Around the world, women like Sharon and Nelly are providing incredible leadership in the face of adversity. With little recognition and financial resources, but with enormous resilience and courage, they are coming together to challenge an unjust system that has often excluded them from decision making and as a result has failed to sufficiently meet their needs in crisis.
This year, ActionAid Australia celebrated its 10th Birthday – a decade of putting women’s rights front and centre, and advocating for climate justice, economic justice, and women’s rights in emergencies. Over the next 5 years, ActionAid is working to scale up its efforts to support women leading crisis response through the ARISE Fund. I am proud to be part of this effort to mobilise resources to support one million women in 10 countries to better prepare, to rapidly respond and to protect their rights in emergencies. Because if we are to create change at a scale and pace that keeps up with the growing frequency and impact of disasters, then we need to do more.
During conflict and disaster, women are on the frontline of humanitarian response: evacuating and caring for children, the injured and the elderly, and ensuring their families have enough food. The burden of unpaid care work increases, especially when there is limited access to basic services such as water and hospitals.
Yet women have a unique ability to rebuild social networks and revive economies. I have seen firsthand that when women are effectively resourced to prepare for, respond to and take leadership when emergencies happen:
- More lives are saved;
- Communities are better prepared for crises;
- Women are girls are better protected from violence;
- A woman’s position in society is transformed, and they are respected as capable leaders.
I am incredibly proud to be associated with ActionAid Australia: a feminist organisation that puts the rights of women central to its work and celebrates women humanitarians, the unsung heroes of humanitarian response, every day.
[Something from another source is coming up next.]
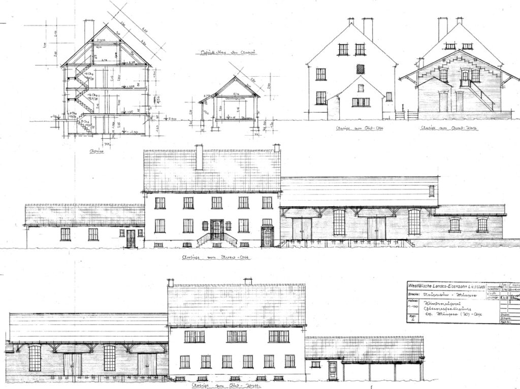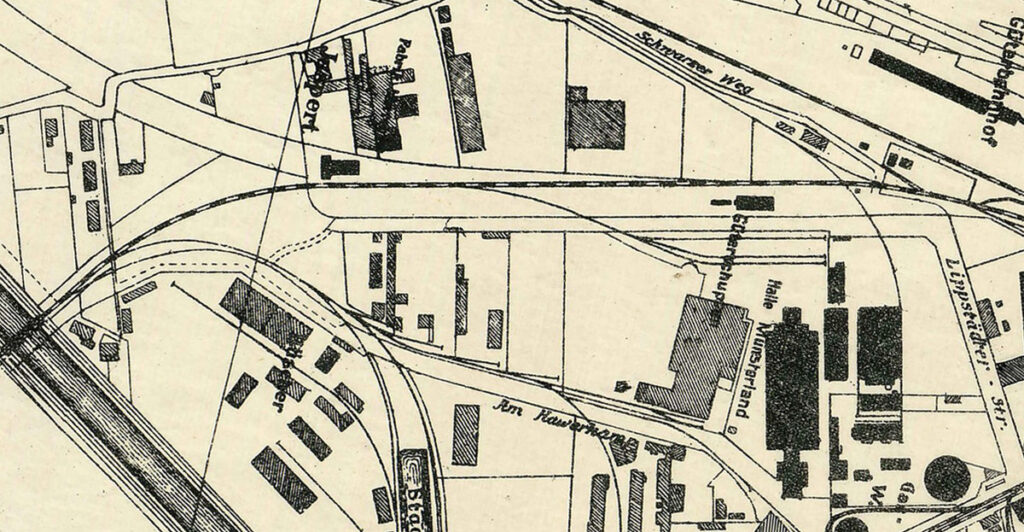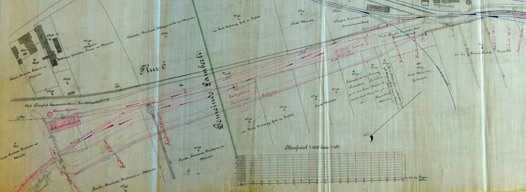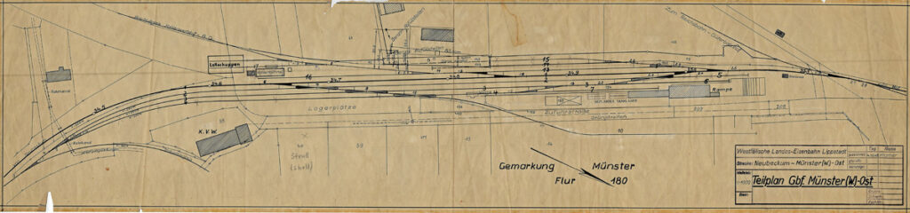 Die Gleisanlagen wurden nicht gemäß dieser Planung ausgeführt. Die wirkliche Gleislage ergibt sich aus den Plänen für die Anschließer in Münster Ost (siehe Beitrag „Münster 4.2“). Am oberen rechten Planrand ist der Anschluß zum Gaswerk und zum Stadthafen zu sehen. Für die Absicherung der hier vorhandenen 172 m gemeinsamer Strecke wurde in Münster das erste Stellwerk der WLE errichtet. Hierzu gibt es in den folgenden Beiträgen ausführlicheres.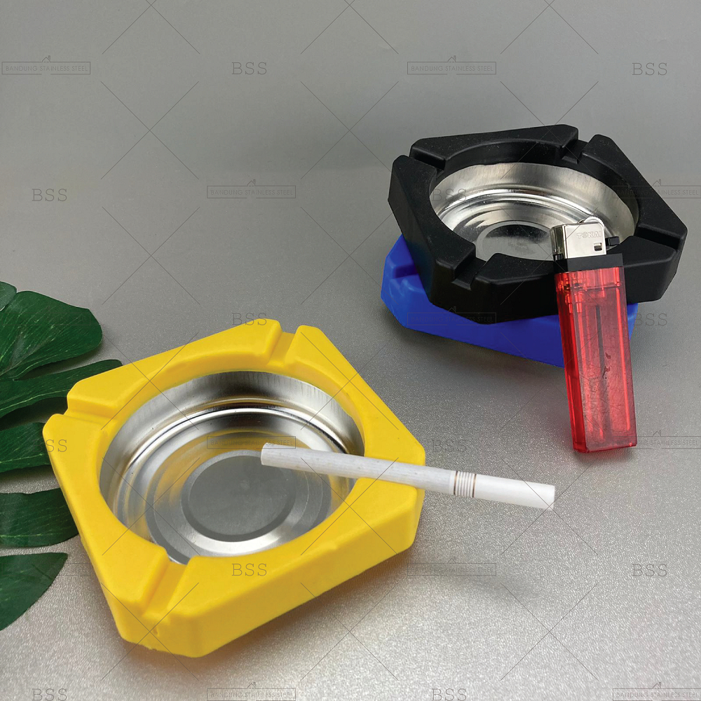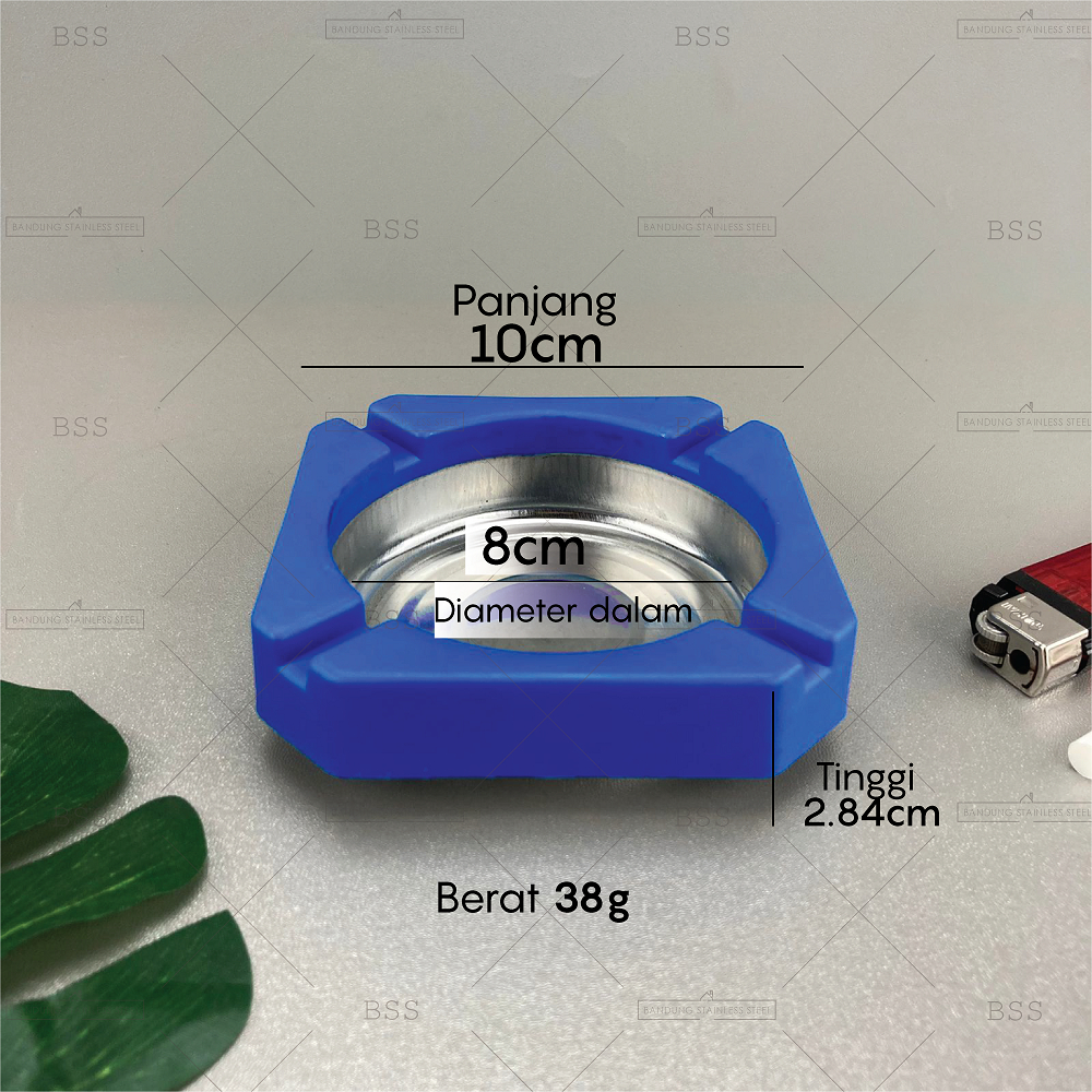 Asbak persegi lucu 3 warna murah stainless plastik hitam biru kuning

Natasha Stott Despoja AO is the founding Chairperson of Our Watch (the Foundation to Prevent Violence Against Women and their Children). She has been Australia’s Ambassador for Women and Girls which involved 45 country visits between December 2013 and 2016 to promote women’s economic empowerment, women’s leadership and reduce violence against women and girls. She is also a founding member of the ActionAid Arise Fund Leadership Circle. She is a former Senator for South Australia (1995-2008) and former Leader of the Australian Democrats.